The nose-thumbing is nothing new. In the '50s, Robert Heinlein dismissed the term, opting for "speculative fiction." (What fiction isn't?)

Ed here: So I guess the nose-thumbing continues, eh? Mystery writers and readers shouldn't feel much better about their own genre. No matter how well mysteries sell a good share of reviewers, teachers and people who daub their lips with cocktail napkins at awards baquets still look at us as second- or maybe third-class citizens.

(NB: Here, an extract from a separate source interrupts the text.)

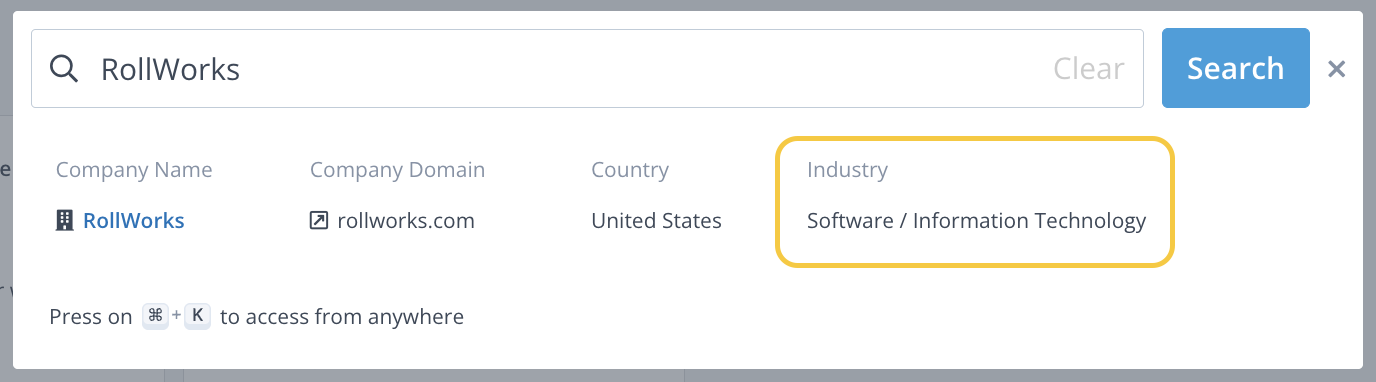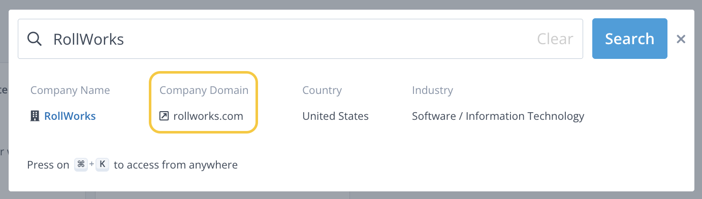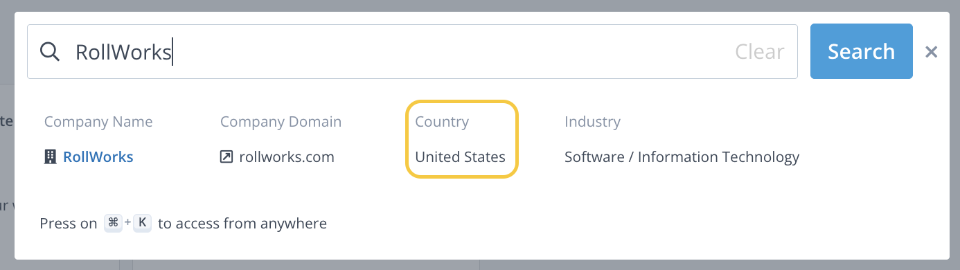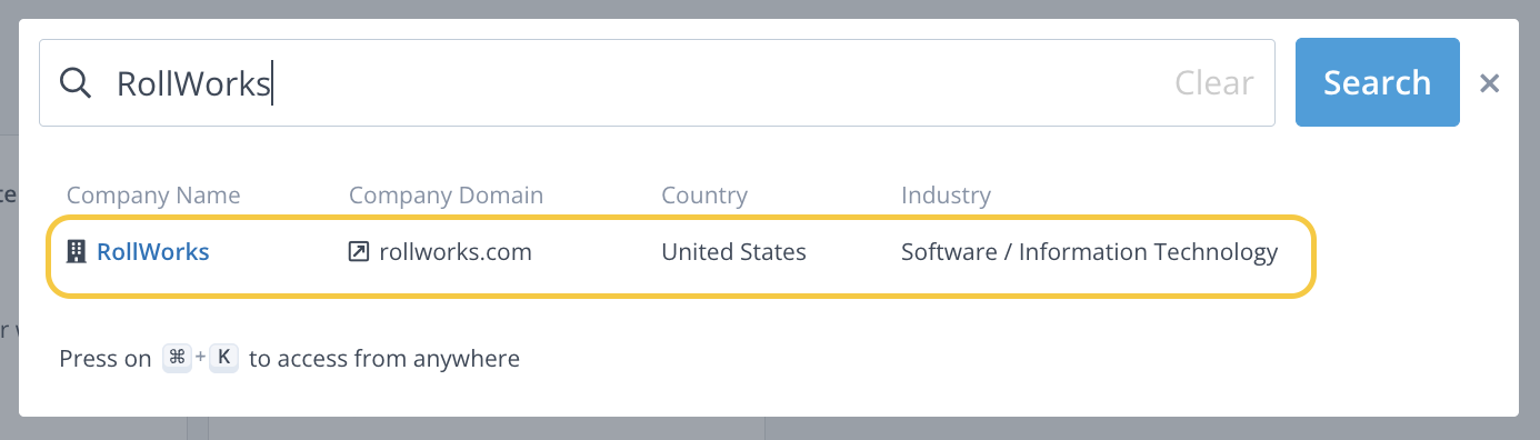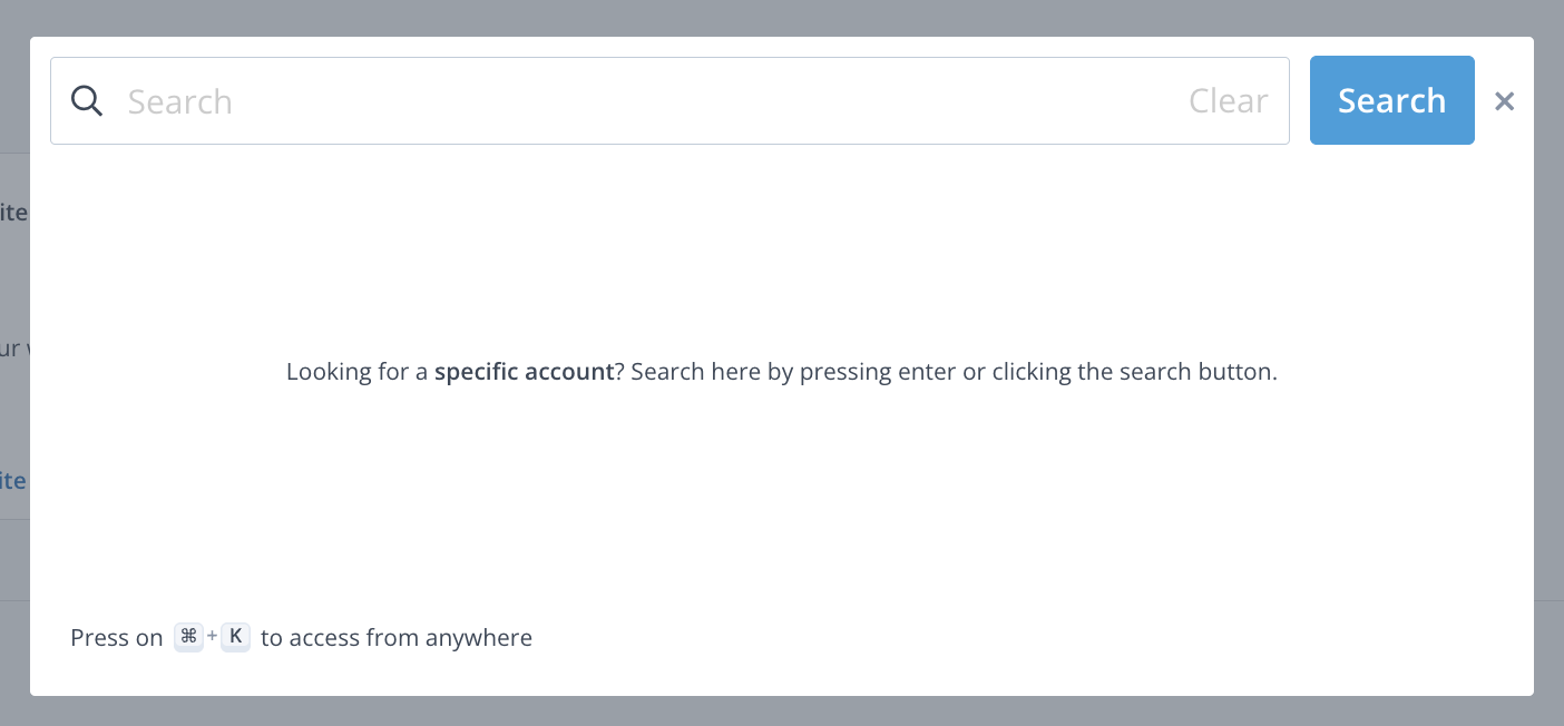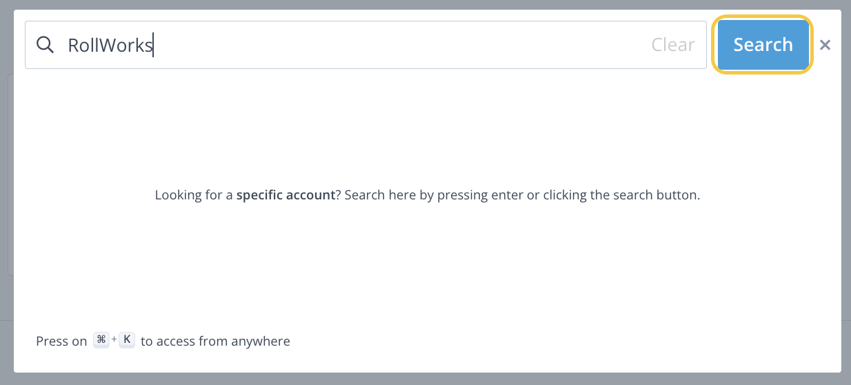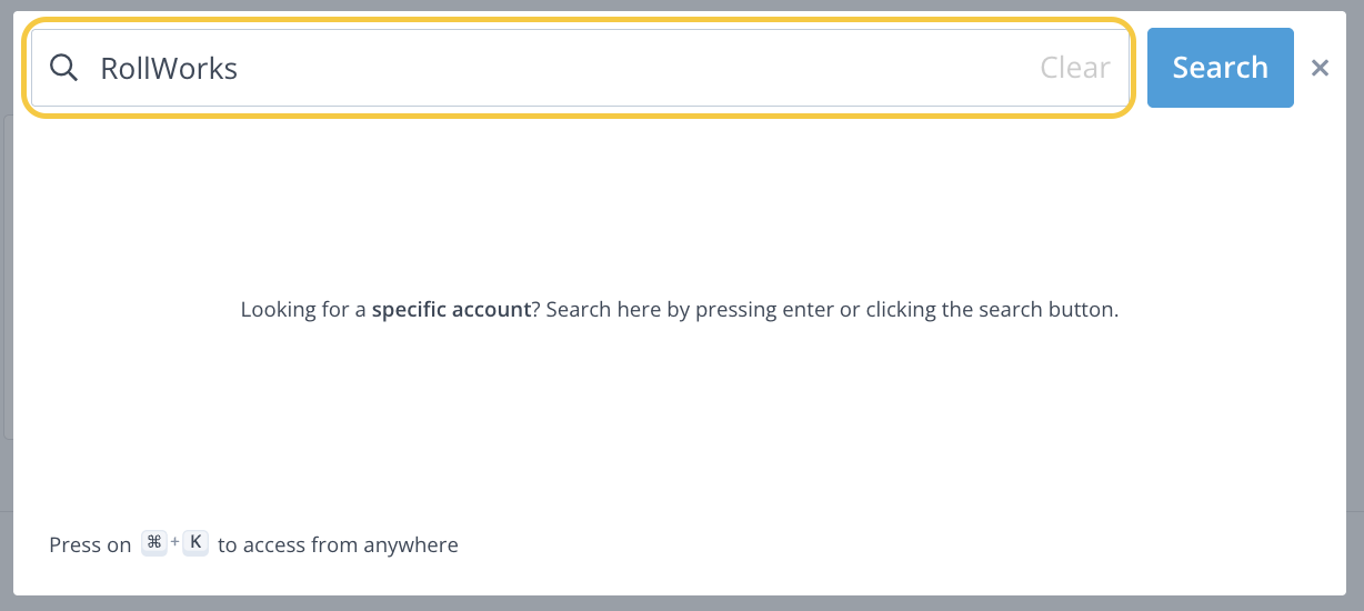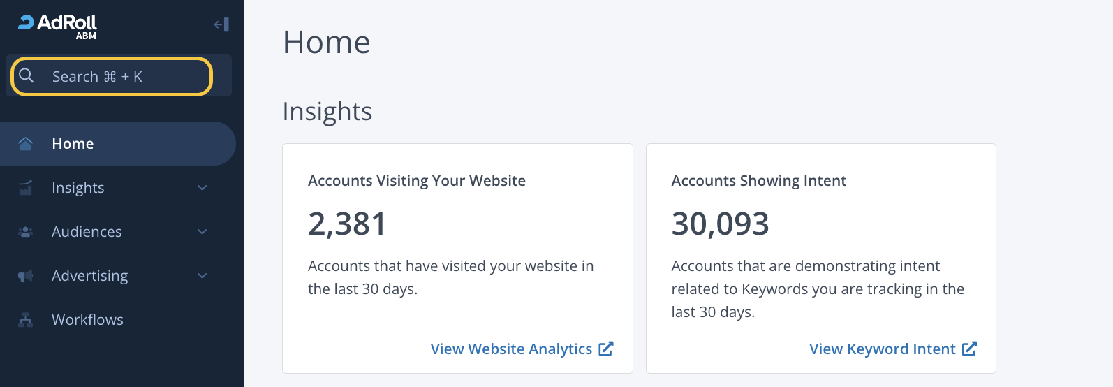 Also, you can access the Account Search Bar by pressing Command + K (CTRL + K) on your keyboard from any place within the AdRoll ABM platform.

And I think that's probably good for us. A number of notable careers in sf and mystery alike have suffered when the writers began to take their reviews and/or sales too seriously. They get those cocktail napkins in their fingers and they don't stop daubing until they draw blood.

6 comments:

Unknown said...

Cormac didn't seem to mind that his book was available through the SF Book Club.

Nicole said...

Ed, here's the blog I was talking about:

http://community.livejournal.com/fangs_fur_fey

Anonymous said...

Part of the reason is really first rate science fiction with down to earth & easy to identify with themes is very rare.

I've read may be 70% of every story Asimov & Clarke have written, & many that others wrote with in background. And I can find just three real worthies in this entire bunch:

Asimov's "Fantastic Voyage II - Destination Brain" - Will make a great teaching aid about our interior if someone could convert it to video.

Clarke's "Deep Range" - "http://arthur-clarke-fansite.blogspot.com/2007/04/novel-deep-range.html" - May be futuristic, but taking farming to sea is not such a far fetched idea.

"Issac Asimov's Inferno", I think by Brin, not sure. What a fantastic hammer to dig a sea.

Anonymous said...

Thanks, Nicole. Ed

Anonymous said...

The intelligentsia reserve their biggest sneers for the western and romance genres!
I do my best to combat them over at www.blackhorsewesterns.com, and Russell Davis is working hard on it the westernsfortoday blogspot. I'm hoping to see more participation in his admirable "saving the genre" debate.

Anonymous said...

Weirder still, the mixed responses to westerns and Novels/fiction of the West...the attempts to keep McMurtry away from the taint, the similar segregation of such folks as Sherman Alexie...and then there are sf's Friends Like These, such as the anonymous poster, whom I hope is joking.